Hi, in one of the last lectures on
neural networks on the cursor, it was about how to improve the convergence of
the back-propagation error algorithm in general, and in particular, consider a model where each neuron weight has its own learning speed (neuron local gain). I have long wanted to implement some sort of algorithm that would automatically adjust the speed of network learning, but all the
laziness did not reach the hands, and then suddenly such a simple and straightforward way. In this short article I will talk about this model and give some examples of when this model can be useful.
Theory
Let's start with the theory, to begin with, let us remember what the change in one weight is equal to, in this case with regularization, but this does not change the essence:

- this (η) is the learning rate
- m is the size of the training set
- n - layer number
- full notation here
In the basic case, the learning rate is a global parameter for all weights.
')
We introduce a learning rate modifier for each weight of each neuron.

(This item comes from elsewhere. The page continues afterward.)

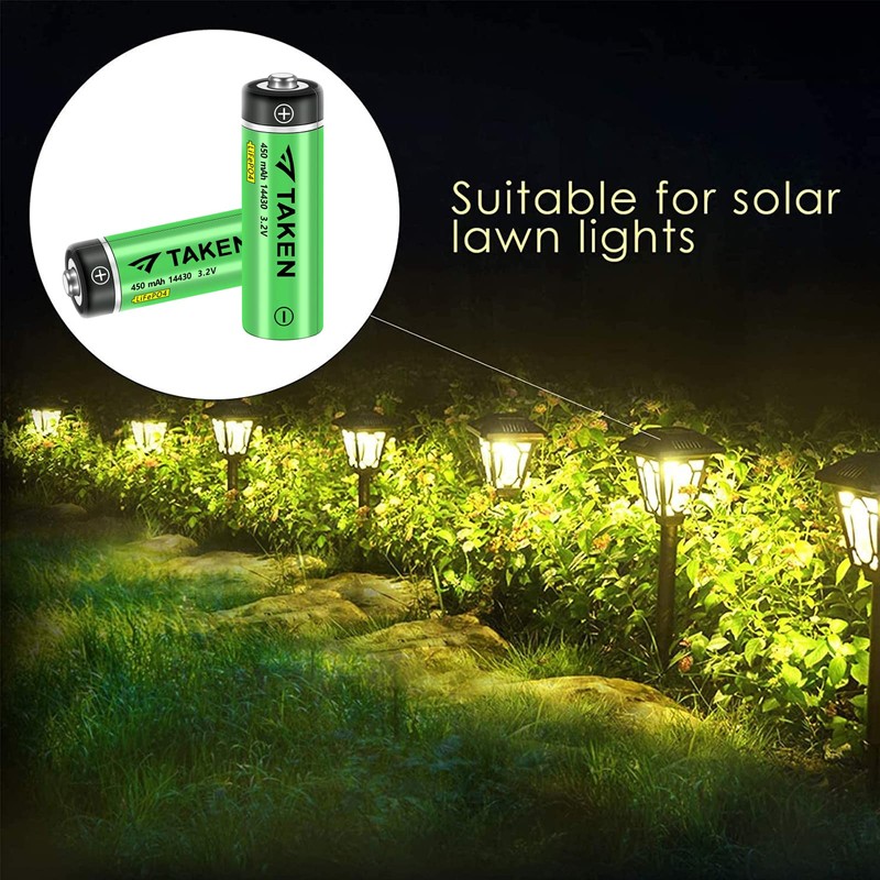 - Versatile Battery - TAKEN 14430 LiFePO4 battery Compatible with outdoor solar lights, Tooth Brush, Shaver, Home Security Systems, Digital Cameras, Mobile mouse or keyboard.

, and we will change the weights of neurons according to the following rule:

In the first training batch, all learning rate modifiers are equal to one, then the dynamic tuning of modifiers in the learning process is as follows:

- the value of the gradient at a certain point in time- tau τ - current time or current training batch
- b - an additive bonus that the modifier receives if the direction of the gradient does not change along a certain dimension
- p - multiplicative penalty, in case of changing the direction of the gradient vector
It makes sense to make a bonus a very small number less than one, and a penalty

, thus b + p = 1. For example, a = 0.05, p = 0.95. This setting ensures that in case of oscillation of the direction of the gradient vector, the value of the modifier will tend back to the initial one. If you do not go into mathematics, then it can be said that the algorithm encourages those weights (growth within some dimension of the space of weights) that retain their direction relative to the previous time, and penalizes those who start to rush.
The author of this method, Geoffrey Hinton (by the way, he was one of the first to suggest using gradient descent to train a neural network) also advises considering the following things:
- firstly, it is worthwhile to set reasonable growth limits for modifiers
- secondly, you should not use this technique for online learning, or for small batches; it is necessary to accumulate a fairly common gradient in the batch process; otherwise, the frequency of direction oscillations increases, and thus the meaning in the modifier is lost
Experiments
All experiments were carried out on a variety of pictures 29 by 29 pixels, on which English letters are drawn. One hidden layer of 100 neurons with a sigmoind activation function was used, at the output of the
softmax layer , and cross-entropy was minimized. In total, it is easy to calculate that the total network is 100 * (29 * 29 + 1) + 26 * (100 + 1) = 86826 weights (including offsets). The initial weights were taken from a uniform distribution.

. In all three experiments, the same initialization of the scales was used. Also used a full batch.
The first
A simple, easily generalizable set was used in this experiment; The learning rate (global speed) is
0.01 . Consider the dependence of the network error value on the data, on the epoch of learning.

- red - without modifier
- green - bonus = 0.05, penalty = 0.95, limit = [0.1, 10]
- blue - bonus = 0.1, penalty = 0.9, limit = [0.01, 100]
It can be seen that the modifier has a positive effect on a very simple set, but it is not great.
Second
In contrast to the first experiment, I took a lot, which I already taught as it was. I was aware in advance that with a learning rate of
0.01 , the oscillation of the value of the error function starts very quickly, and with a smaller value, the set is generalized. But in this test
0.01 will be used, since I want to see what happens.

- red - without modifier
- blue - bonus = 0.05, penalty = 0.95, limit = [0.1, 10]
Complete failure! The modifier not only did not improve the quality, but on the contrary, it increased the oscillation, while without a modifier, the error on average decreases.
Third
In this experiment, I use the same set as in the second, but the global learning rate is
0.001 .

- red - without modifier
- blue - bonus = 0.005, penalty = 0.995, limit = [0.01, 100]
In this case, we get a very significant increase in quality. And if, after 300 epochs, to drive out recognition on the training set and test:
- red : on the training set 94.74%, on the test set 67.18%
- blue : on the training set 100%; on the test 74.4%
Conclusion
And I made one conclusion for myself that this method is not a substitute for the choice of a global learning rate, but is a good addition to the already selected learning speed.